HOUSTON — Elaine Roberts, a longtime bagger at a supermarket, tried to be so careful. She put on gloves and stopped riding the bus to work, instead relying on her father to drive her to keep their family safe. She wore masks — in space-themed fabrics stitched by her sister — as she stacked products on shelves, helped people to their cars and retrieved carts from the parking lot.
But many of the customers at the Randalls store in a Houston suburb did not wear them, she noticed, even as coronavirus cases in the state began rising in early June. Gov. Greg Abbott, who had pushed to reopen businesses in Texas, was refusing to make masks mandatory and for weeks had blocked local officials from enforcing any mask requirements. The grocery store only posted signs asking shoppers to wear them.
Ms.

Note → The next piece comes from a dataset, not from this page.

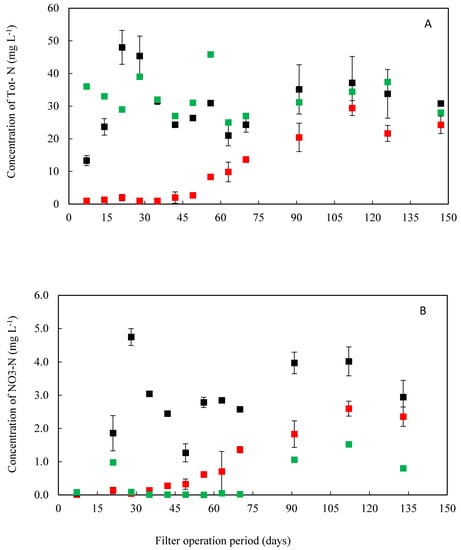 Concentration of total nitrogen (Tot-N) (A) and nitrate nitrogen (NO3-N) (B) in the influent (■) and in the effluent from non-activated pine-spruce biochar (■) and from sand (■), both with effective particle size (d10) = 1.4 mm. Filters were operated for 6 months at a hydraulic loading rate of 37 L m−2 day−1 and organic loading rate of 5 g BOD5 m−2 day−1. Symbols are mean values (n = 3). Error bars represent standard deviation.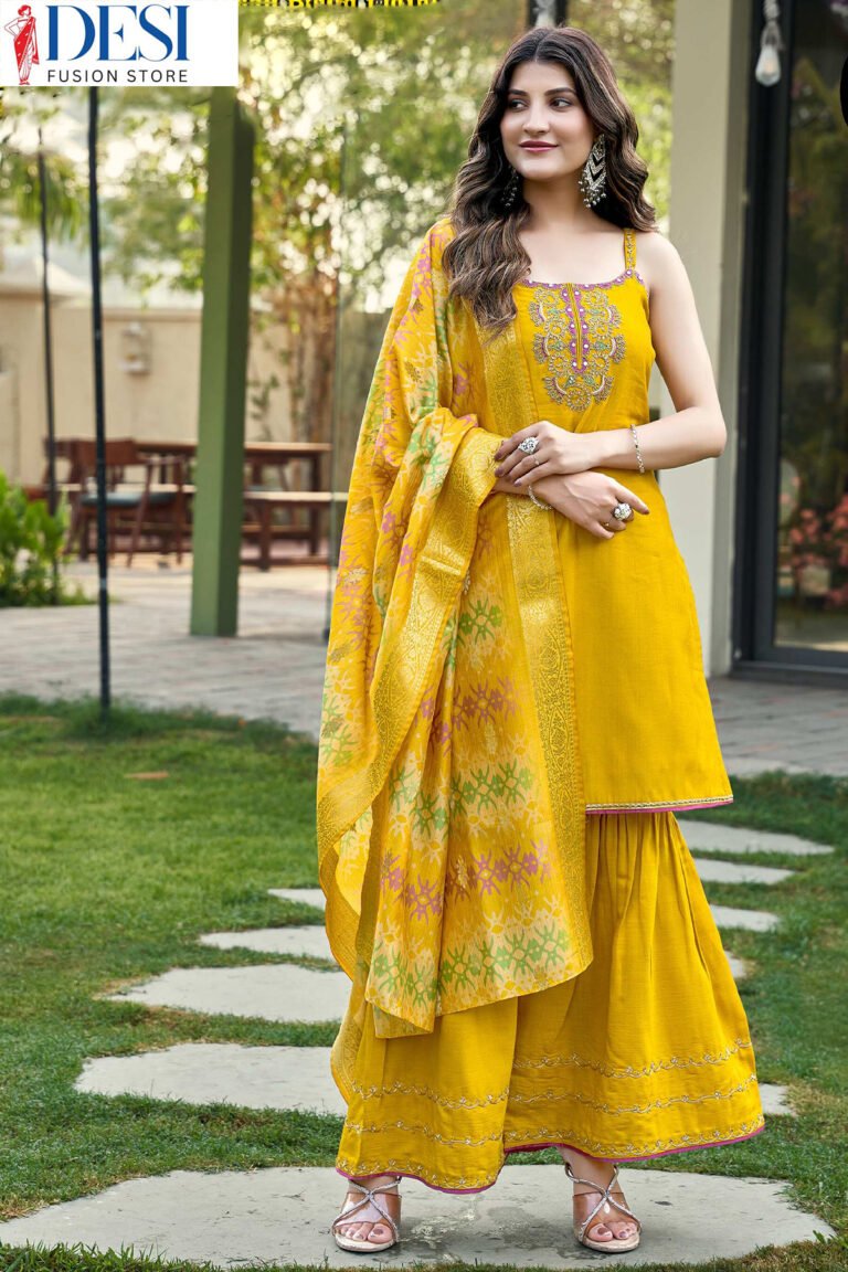 Viscose Vetican Embroidery Kurta With Sharara Set

Roberts, 35, who has autism and lives with her parents, got sick first, sneezing and coughing. Then her father, Paul, and mother, Sheryl, who had been so cautious after the pandemic struck that their rare ventures out were mostly for bird-watching in a nearly empty park, were hospitalized with breathing problems.
Their cases were unusual: Sheryl Roberts, a sunny former nurse, had severe psychiatric symptoms that made doctors fear she was suicidal, possibly an effect of the disease and medicines to treat it. She is recovering, but her husband is critically ill, on a ventilator, with failing kidneys and a mysterious paralysis that has afflicted about a dozen others at Houston Methodist Hospital.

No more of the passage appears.